Published March 23, 2006 in issue 0512 of the HooK.

By DAMANI HARRISON [email protected]

Some of my favorite records I disliked the first time I listened to them. I can think of two in particular: Funkadelic's "Uncle Jam Wants You" and De La Soul's "3 Feet High and Rising." Now I can't believe that I almost wrote those records off. I didn't understand at the time how some music is not meant to be "gotten" right away, but is meant to grow on you. Other music is made to attach itself to a specific mood, and that mood may not always coincide with the mood you're in.

A large part of enjoying music is putting yourself mentally and physically in the position to accept it. It doesn't matter how good the music is, if you're not ready to receive it, that music won't be good to you. That's the x-factor. It's the indeterminable subjective force that can impair our judgment, cause us to dislike something we would normally enjoy, or keep us from being open to new experience.
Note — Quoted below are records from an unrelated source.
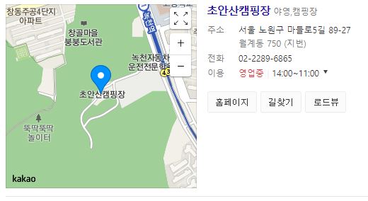 초안산 캠핑장은 노원구에 위치한 캠핑장으로 주소는 서울시 노원구 마들로 5가 길 66-107입니다. 연락처는 02-2289-6865입니다. 지하철 1호선 녹천역 4번 출구 녹천 자동차 학원 바로 뒤에 위치하고 있어서 서울시에서 지하철 이용 후 도보로 이동 가능한 흔하지 않은 역세권 캠핑장입니다. 그리고 간선버스 102번과 지선버스 1119번 이용이 가능하여 대중교통 이용이 편리한 장점이 있습니다.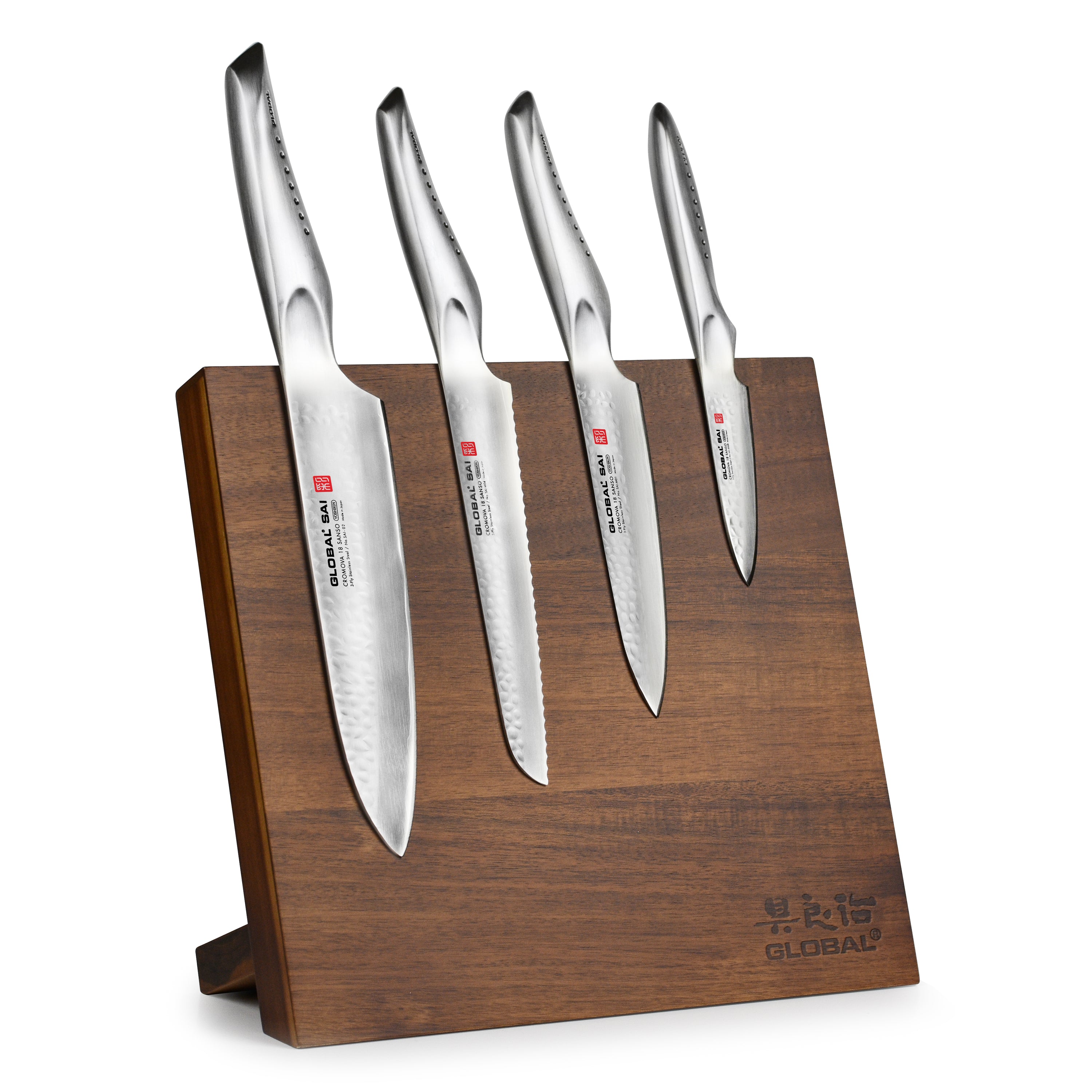 Global Sai 5 Piece Magnetic Easel Knife Set, Acacia Block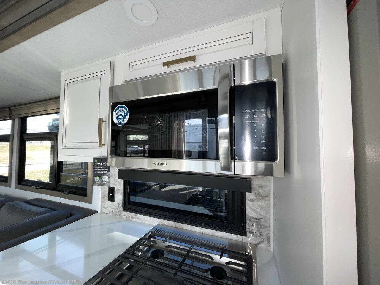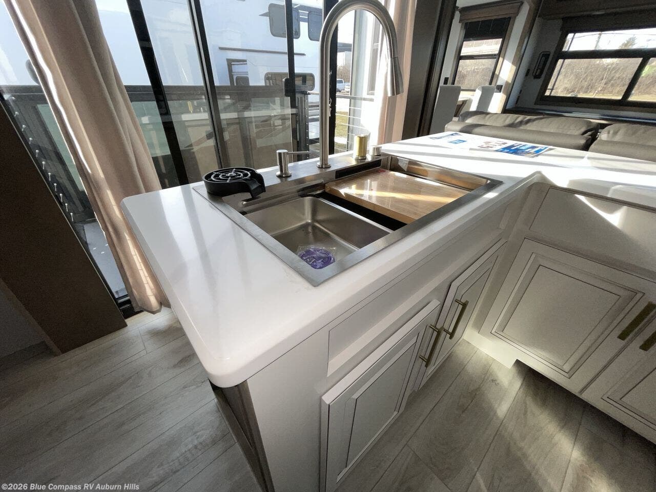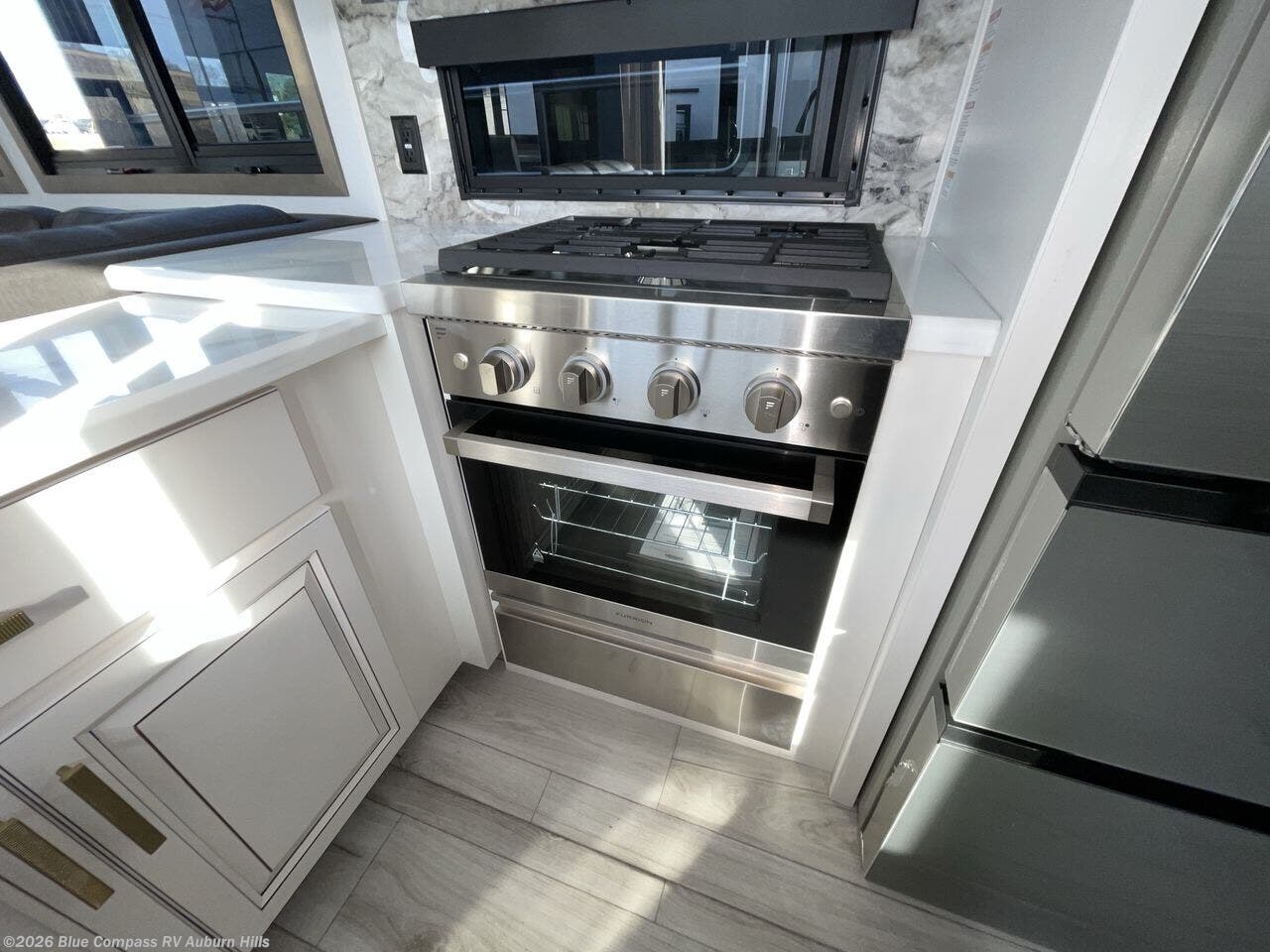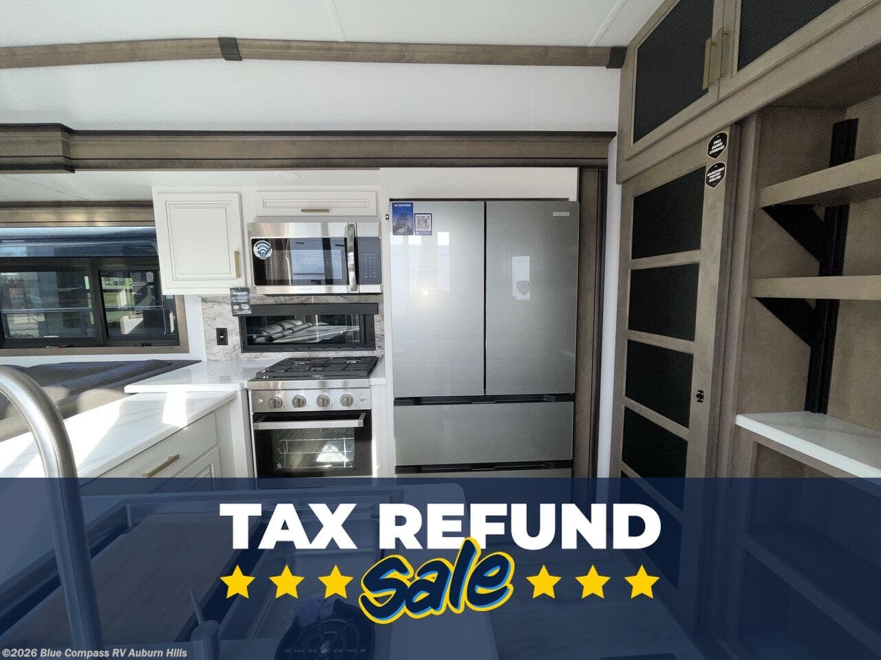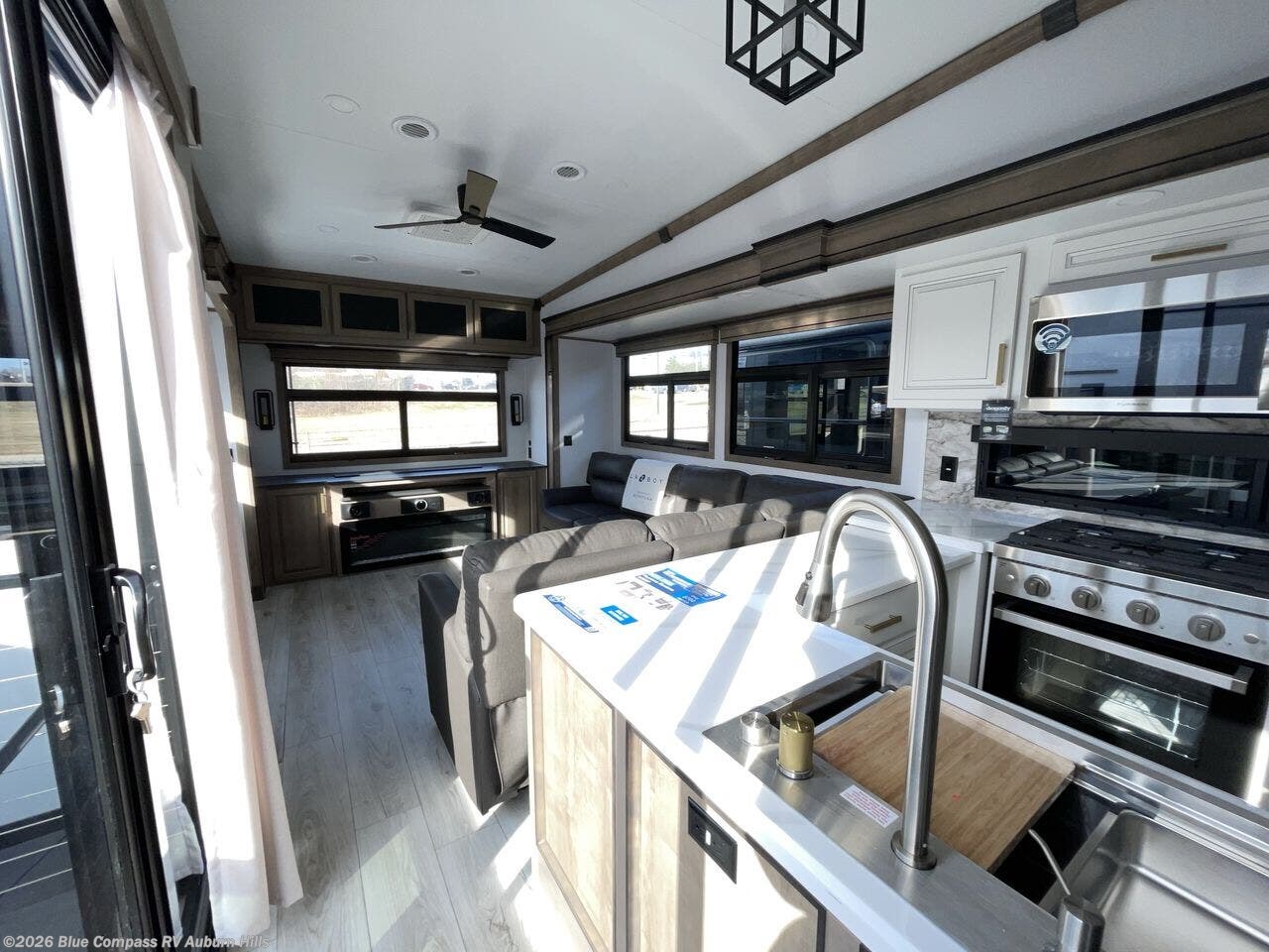 Luxury abounds throughout this fifth wheel starting in the centrally located kitchen featuring an L-shaped counter, a large floor to ceiling pantry with sliding glass doors, a 24" range with an overhead convection microwave, and an 18 cu. ft. residential refrigerator with ice an maker. Just up the steps to the right of the entry, you will find a spacious bathroom featuring a 48" x 30" fiberglass shower with a seat, decorative glass enclosure, linen cabinet, and skylight above it for more natural lighting. Sleep like a baby in the front private bedroom on the king bed slide with storage underneath, and keep your clothes looking their best with the front closets. The rear entertainment living area offers true relaxation with L-shaped seating including a hide-a-bed sofa along the roadside, and powered theater seating facing the entertainment center with a 5,000 BTU decorative fireplace heater and Smart TV to watch your favorite movies! And don't overlook the best part, the powered side patio to entertain guests!

Our own unpredictable moods, although at times they may seem fleeting and insignificant, can have long-term lingering effects.

So the trick is, whenever I go out to review music, to attempt to clean my slate, completely open myself as a hollow vessel to whatever it is I'm going to experience. Some nights it's easy. But (although I'd like to think otherwise) I'm human and can't always turn off how an entire day has made me feel.

Case in point, my experience with the band Shapiro at Starr Hill this past weekend. I could tell as I walked up the stairs to enter the venue that I was preoccupied. My mind was wandering due to an extremely hectic week that was far from over. I was already late for the performance­ showing up just as the headliners were beginning their set.

Shapiro didn't sound bad, but the chaotic indie pop spewing from the stage was too much for my little overtaxed brain to handle. Shapiro very well could have been the next big thing (although I seriously doubt it), but I just wasn't in the frame of mind to listen.

The past few weeks have been filled with shows on the loud rock end of the music spectrum. Truth be told, I'm kind of over it. This weekend I was in the mood for a bit of a pace change. Saturday I trotted over to Old Cabell Hall for classics in the form of Blues for Orchestra, a collaboration between John D'earth, the Charlottesville and University Symphony Orchestra, and The Free Bridge Quintet.

The music here was very dreamy and at times very solemn-­ not surprising since the music is rooted in blues chords and structure. However, after a hectic week, the deeply emotional strings of the Symphony Orchestra paired with D'earth's evocative soloing was therapeutic, to say the least.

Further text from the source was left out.